If discrimination consists in communicating judgments of inferiority, however, then algorithms discriminate only if they communicate such judgments. Do algorithms communicate such judgments? Wrestling with related questions, Barocas and Selbst ask how far the categories of discrimination recognized by U.S. law apply to algorithms.

Feb. 28: Second paper due

Mar. 5

Do you have a right to be treated as an individual and not merely a statistic?  Why does it matter?

It seems wrong to base certain kinds of decisions purely on “statistical” evidence, as opposed to “direct” or “individualized” evidence. Suppose that eyewitness testimony, a form of direct evidence, is 90% accurate.   Suppose that parolees are 91% likely to commit a crime in the first year of parole, a form of statistical evidence. If we can convict someone simply on the basis of eyewitness testimony, can we also convict someone simply on the basis of being a parolee? It seems not. Yet over the long run, we will get it right more often if we rely on statistical evidence rather than direct evidence!

So what’s the problem with relying on statistical evidence? Moreover, in other contexts, it seems wrong to use individualized evidence rather than statistical evidence. For example, it’s OK for your insurer to raise your health insurance premium next year if it finds that it underestimated the rate of breast cancer in the population. But is it OK for it to raise your premium because it discovered that you in particular have a genetic predisposition to breast cancer?

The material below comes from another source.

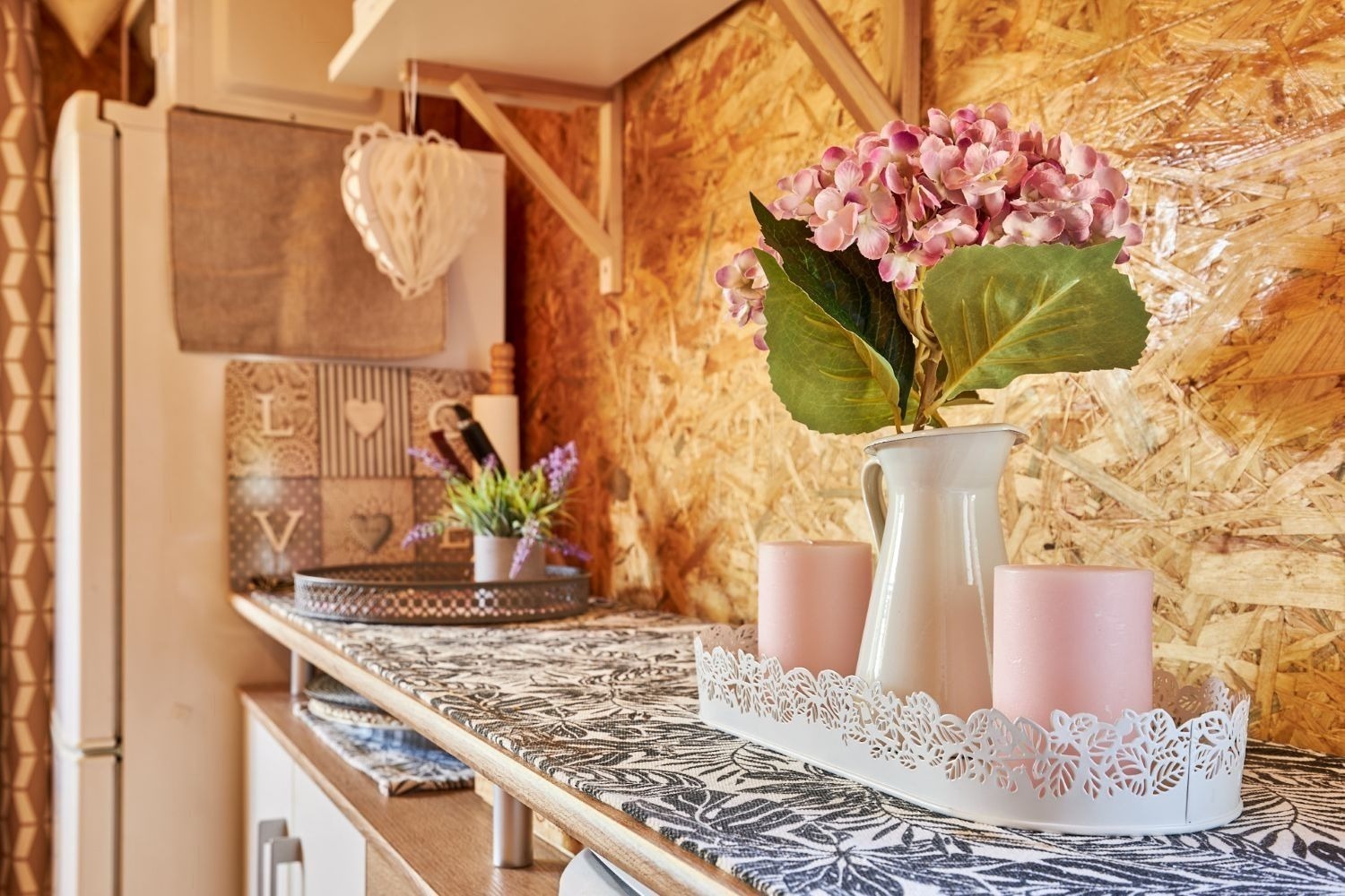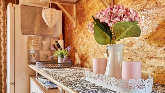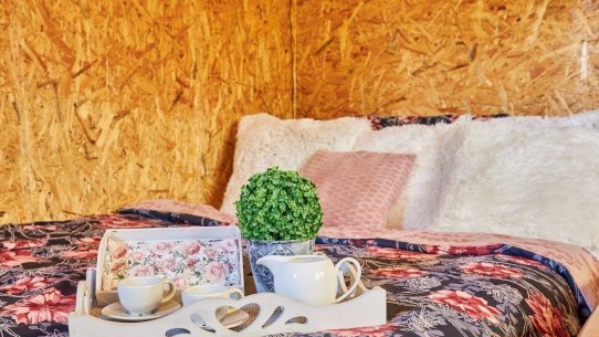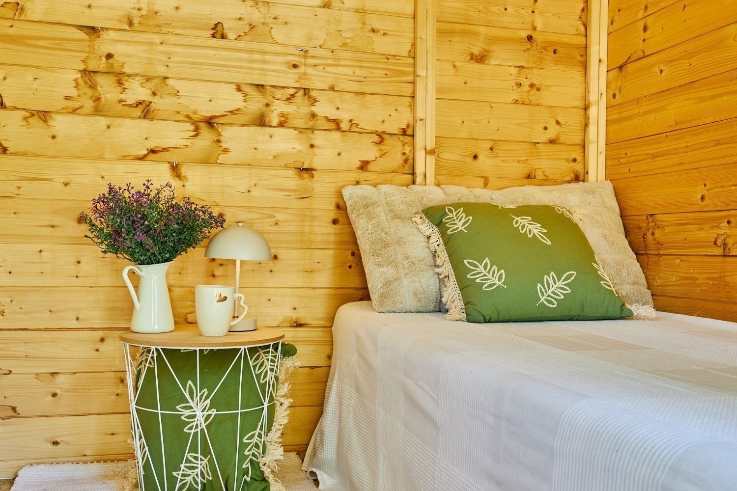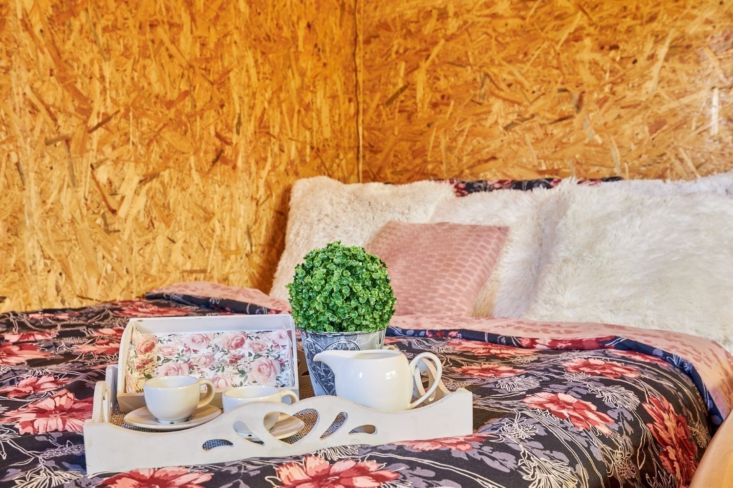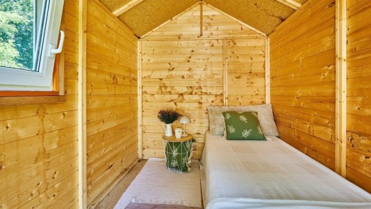 Srdcem celého místa je útulná dřevěná chatka. Uvnitř najdete praktickou kuchyňku a rozkládací gauč, na kterém si parádně odpočinete.

As Eidelson observes, the objection to discrimination is sometimes said to be that it does not treat one as an individual, but instead as a member of a group.

In sum, do we have a right to be treated as an individual, rather than a member of a group? Do we have a right not to be treated as an individual? When and why?

Mar. 7: Third paper assigned

  • Fred Schauer, Profiles, Probabilities, and Stereotypes, Intro., Ch. 3

[For anyone interested in further reading on the topic: Judith Thomson, "Liability and Individualized Evidence"; David T. Wasserman, "The Morality of Statistical Proof and the Risk of Mistaken Liability"; David Enoch, Levi Spectre and Talia Fisher, "Statistical Evidence, Sensitivity, and the Legal Value of Knowledge"]

Mar. 12

  • No new reading.  Instead, look over the review questions on the handouts so far.  Make a note of any that you find particularly challenging.  We'll discuss some together in class.

[For anyone interested in further reading, Fred Schauer, Profiles, Probabilities, and Stereotypes, Ch. 5, 7]

Mar. 14

Do algorithms owe us an explanation?  Does it matter whether we understand why they do what they do?

In general, it’s a problem if an algorithm isn’t accurate: for example, if it delivers lots of false positives and lots of false negatives. And, as we have seen, it is a problem if an algorithm is unfair or discriminatory. But do you have a distinct complaint if you were affected by an algorithmic decision (e.g., denied a loan) but did not receive an explanation of why the algorithm decided your case as it did? Note that it’s not exactly a question of someone hiding from you the reasons for a decision. Increasingly, no one may be able to explain why the algorithm decided what it did, not even its designers.

Of course, an explanation may be evidence that an algorithm was or was not accurate or fair. But does it matter independently? We often don’t expect an explanation of certain decisions, even when they are made by human beings and even when they are very consequential. For example, someone convicted of a crime has no right to a jury’s explaining why it decided what it did. Or when a ballot proposition is passed banning same-sex marriage, same-sex couples have no right to the majority’s explaining its reasoning. Moreover, creatures of rationalization that we are, the grounds that we, human beings, offer for our decisions, even when perfectly sincere, may not be the “real” explanation of why we did what we did.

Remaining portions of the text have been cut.